# Data shown:
● ● ● ●
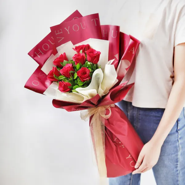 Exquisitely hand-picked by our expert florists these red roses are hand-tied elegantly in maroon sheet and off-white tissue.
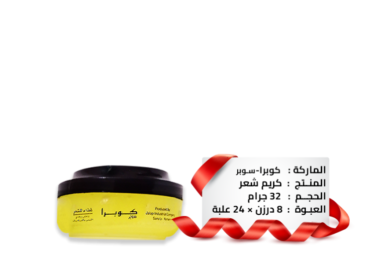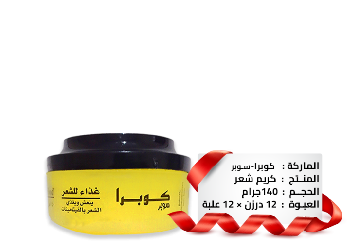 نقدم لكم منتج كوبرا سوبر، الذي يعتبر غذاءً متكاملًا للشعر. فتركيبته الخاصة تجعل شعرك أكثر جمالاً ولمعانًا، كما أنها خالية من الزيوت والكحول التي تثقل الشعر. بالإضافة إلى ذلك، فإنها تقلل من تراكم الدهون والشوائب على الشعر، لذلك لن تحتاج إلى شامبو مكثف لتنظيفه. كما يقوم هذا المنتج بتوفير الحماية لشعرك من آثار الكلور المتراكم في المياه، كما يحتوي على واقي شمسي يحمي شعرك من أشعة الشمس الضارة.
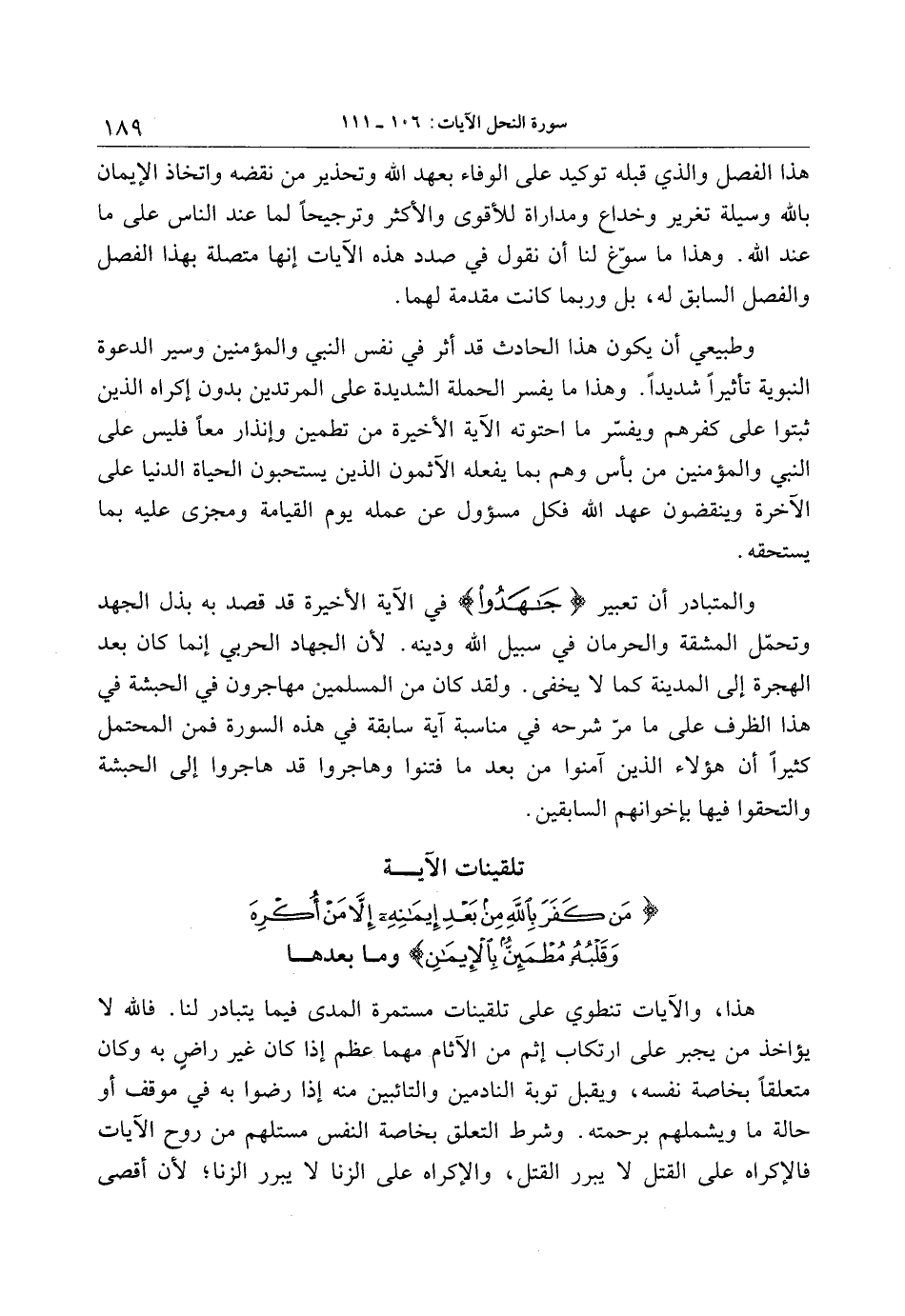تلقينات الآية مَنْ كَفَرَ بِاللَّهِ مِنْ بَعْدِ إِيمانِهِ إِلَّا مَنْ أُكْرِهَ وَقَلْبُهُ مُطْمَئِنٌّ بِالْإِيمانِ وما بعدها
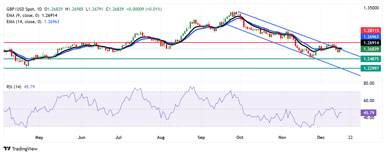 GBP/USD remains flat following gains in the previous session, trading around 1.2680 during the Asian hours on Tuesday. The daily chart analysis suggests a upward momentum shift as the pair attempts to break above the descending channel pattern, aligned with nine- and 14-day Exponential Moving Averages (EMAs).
● ● ● ●
# Task directions:
Reproduce the whole listing verbatim. Pictures stay out of the copy.

# Written answer:
 Exquisitely hand-picked by our expert florists these red roses are hand-tied elegantly in maroon sheet and off-white tissue.
 نقدم لكم منتج كوبرا سوبر، الذي يعتبر غذاءً متكاملًا للشعر. فتركيبته الخاصة تجعل شعرك أكثر جمالاً ولمعانًا، كما أنها خالية من الزيوت والكحول التي تثقل الشعر. بالإضافة إلى ذلك، فإنها تقلل من تراكم الدهون والشوائب على الشعر، لذلك لن تحتاج إلى شامبو مكثف لتنظيفه. كما يقوم هذا المنتج بتوفير الحماية لشعرك من آثار الكلور المتراكم في المياه، كما يحتوي على واقي شمسي يحمي شعرك من أشعة الشمس الضارة.
تلقينات الآية مَنْ كَفَرَ بِاللَّهِ مِنْ بَعْدِ إِيمانِهِ إِلَّا مَنْ أُكْرِهَ وَقَلْبُهُ مُطْمَئِنٌّ بِالْإِيمانِ وما بعدها
 GBP/USD remains flat following gains in the previous session, trading around 1.2680 during the Asian hours on Tuesday. The daily chart analysis suggests a upward momentum shift as the pair attempts to break above the descending channel pattern, aligned with nine- and 14-day Exponential Moving Averages (EMAs).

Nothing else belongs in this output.